The 5' cap structure (m(7)GpppX-) is an essential feature of eukaryotic mRNA required for mRNA stability and efficient translation. Influenza virus furnishes its mRNA with this structure by a cap-snatching mechanism, in which the viral polymerase cleaves host mRNA endonucleolytically 10-13 nucleotides from the 5' end and utilizes the capped fragment as a primer to synthesize viral transcripts. Here we report a unique cap-snatching mechanism by which the yeast double-stranded RNA totivirus L-A furnishes its transcript with a cap structure derived from mRNA. Unlike influenza virus, L-A transfers only m(7)Gp from the cap donor to the 5' end of the viral transcript, thus preserving the 5' α- and β-phosphates of the transcript in the triphosphate linkage of the final product. This in vitro capping reaction requires His154 of the coat protein Gag, a residue essential for decapping of host mRNA and known to form m(7)Gp-His adduct. Furthermore, the synthesis of capped viral transcripts in vivo and their expression were greatly compromised by the Arg154 mutation, indicating the involvement of Gag in the cap-snatching reaction.

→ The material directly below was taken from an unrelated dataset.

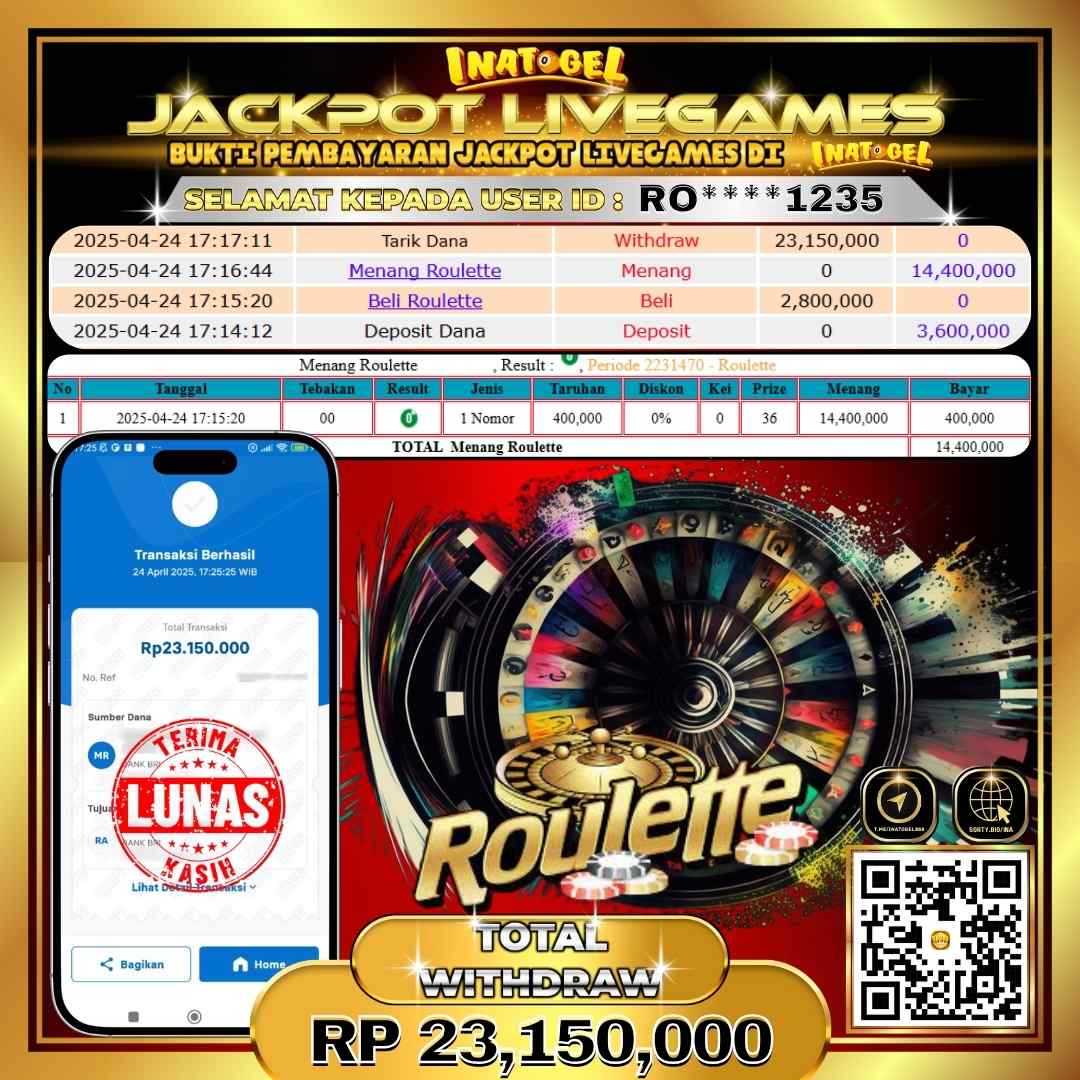 Inatogel Jackpot LIVE GAME ROULLETE Rp23,150,000

The overall reaction and the structure around the catalytic site in Gag resemble those of guanylyltransferase, a key enzyme of cellular mRNA capping, suggesting convergent evolution. Given that Pol of L-A is confined inside the virion and unable to access host mRNA in the cytoplasm, the structural protein Gag rather than Pol catalyzing this unique cap-snatching reaction exemplifies the versatility as well as the adaptability of eukaryotic RNA viruses.

摘要

5' 帽结构 (m(7)GpppX-) 是真核 mRNA 的必需特征,对于 mRNA 的稳定性和翻译效率至关重要。流感病毒通过帽抢夺机制为其 mRNA 提供这种结构,在该机制中,病毒聚合酶在距 5' 端 10-13 个核苷酸处对内切切割宿主 mRNA,并利用加帽片段作为引物合成病毒转录物。在这里,我们报告了一种独特的帽抢夺机制,酵母双链 RNA 病毒 L-A 利用该机制为其转录物提供源自 mRNA 的帽结构。与流感病毒不同,L-A 仅将 m(7)Gp 从帽供体转移到病毒转录物的 5' 端,从而在最终产物的三磷酸连接中保留转录物的 5'α-和β-磷酸。这种体外加帽反应需要衣壳蛋白 Gag 的 His154,这是宿主 mRNA 脱帽所必需的残基,并且已知它形成 m(7)Gp-His 加合物。此外,Arg154 突变极大地损害了体内有帽病毒转录物的合成及其表达,表明 Gag 参与了帽抢夺反应。总体反应和 Gag 中催化位点周围的结构类似于细胞 mRNA 加帽的关键酶鸟苷转移酶,表明趋同进化。鉴于 L-A 的 Pol 被限制在病毒粒子内,并且无法在细胞质中访问宿主 mRNA,结构蛋白 Gag 而不是 Pol 催化这种独特的帽抢夺反应,这体现了真核 RNA 病毒的多功能性和适应性。